The findings are in line with robust financial results being reported by a range of top US firms, including McDermott Will & Emery, White & Case, Akin Gump Strauss Hauer & Feld and Cooley which all last month reported revenue increases ranging from 6.5% to 17.9% for 2020 against steeper profit-per-partner rises of from 16% to 26%, according to Bloomberg Law.

Meanwhile, almost half of law firm leaders (43%) expect to continue reducing overheads over the coming 12 months in response to the economic strains of Covid-19. Some 91% of firms said they had stopped or significantly slashed discretionary spending since the start of the pandemic. Yet only 5% of firms said they plan to further reduce headcount over the coming year.

William Josten, manager of enterprise content at Thomson Reuters, said: “It’s good to see that despite the dramatic impact of the pandemic, US law firm leaders are now looking to a recovery in rates and in profits. While economic concerns undoubtedly continue weighing on firms’ minds, they have managed to reduce costs and support revenues through higher rates.”

Law firms have also been ramping up their digital transformation efforts to help support the shift to remote working, with more than half (59%) saying they have invested in technology over the past year.

Nearly all firms (94%) said they plan to increase the use of technology to help improve performance and address strategic challenges. Another 47% of firms said they planned to use technology as a way to gain a competitive advantage, with 28% saying they will use tech to increase efficiency.

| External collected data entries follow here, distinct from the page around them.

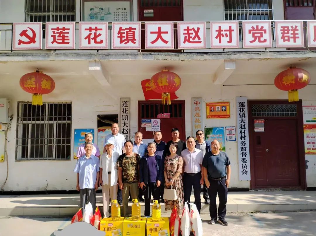 6月26日,yl7703永利官网工会党支部的党员和退休老干部代表一行人,专程到舞阳县莲花镇大赵村慰问驻村干部和困难群众,送去了米面油等生活慰问品。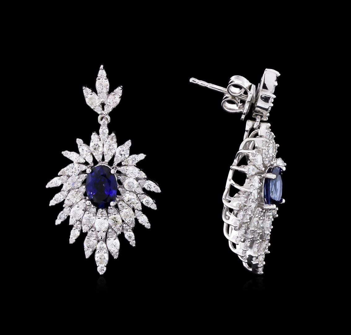 One pair electronically tested 14KT white gold ladies combination cast & assembled sapphire and diamond earrings with friction posts with a bright polish finish. Identified with markings of "585". Condition is new. Containing: Two prong set oval modified brilliant cut natural blue sapphires, measuring 6.94 x 5.05 x 3.17mm, approximate total weight of 1.86ct., clarity is eye clean, type II, medium light, moderately strong, blue color, (GIA B 4/4), cut is good. Thirty-Two prong set round brilliant cut diamonds, measuring 2.00 - 2.00 x 1.20mm (depth est.) approximate total weight of 32 Stones = 0.93ct. Clarity: I-1. Color: I - J, Cut is Good. Sixty-Four prong set round brilliant cut diamonds, measuring 1.50 - 1.50 x 0.90mm (depth est.) approximate total weight of 64 Stones = 0.79ct. Clarity: SI-2 to I-1. Color: I - J, Cut is Good. All diamonds are graded in the mounting, unless otherwise stated. Total Weight of Colored Stones 1.86ct. Total Weight of Diamonds 1.72ct. Total Weight of Earrings 9.50 grams. GGL Appraised at $6,870.00.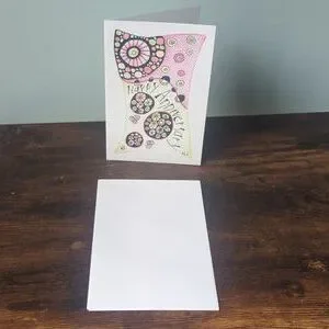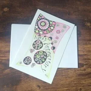 🌻 5/$20 Handmade Floral Happy Anniversary Card- Green, Pink & Black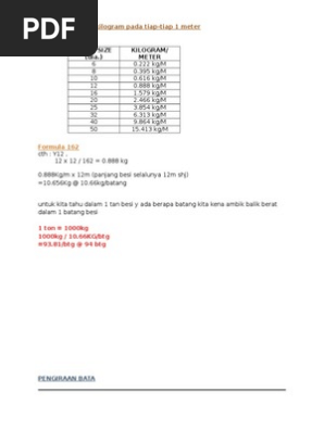 Mengira Berat Besi Dalam 1m3 Konkrit Ini Kaedah Cepat Apabila Ingin Membuat Anggaran Pukal Atau Lum Sum Bagi Kuantiti Besi Dalam 1m3 Konkrit 1m3 Sama Dengan Panjang X Lebar X Tinggi Merujuk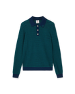The mini wave polo shirt is a classic long-sleeve design crafted from merino wool fabric. Completed with rib collar, cuffs, hem, placket, and signature gold rim pearl buttons.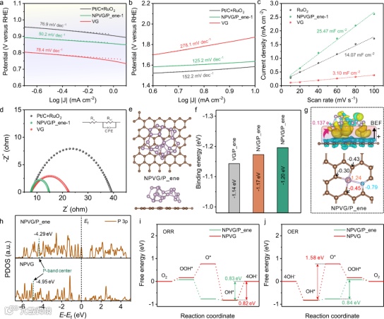 图4. (a,b) ORR和OER Tafel曲线;(c) 双电层电容;(d) Nyquist图;(e) NPVG/P_ene优化结构;(f) 异质结结合能;(g) 差分电荷密度及Bader电荷;(h) PDOS;(i,j) ORR和OER自由能图。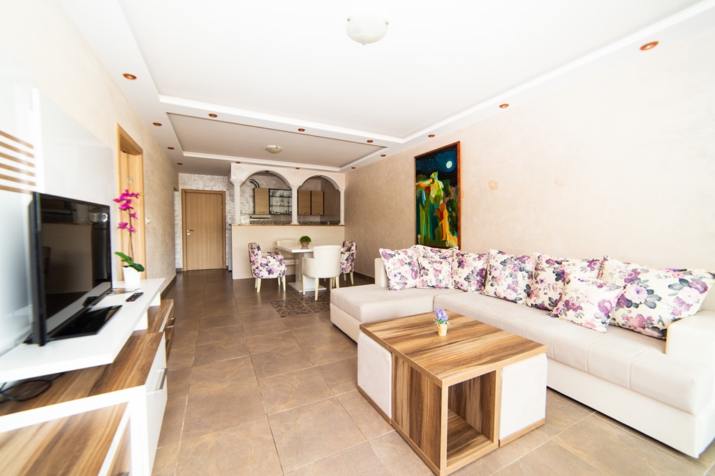 В АРР 3 BR: у вітальні розкладний диван та два крісла, обладнана кухня, три спальні з роздільними ліжками, три кондиціонери, супутникове ТБ, праска, санвузол з душовою кабіною, пральна машина, тераса з видом на море. Площа: 90 м2. Максимальне розміщення: 6 чол.

Josten said: “Firms have quickly realised how investment, particularly in technology, is crucial to improving performance in retaining market share in a competitive environment. Lockdown has been a huge catalyst for the advancement of technology across all types of businesses and law firms are no different.”

Last month, 77% of the 98 respondents to The Global Legal Post Snapshot Survey on Covid-19’s impact on working practices said there would be a slight (45%) or substantial (32%) shift to home-working after the pandemic subsides with just 23% expecting a full return to pre-Covid norms.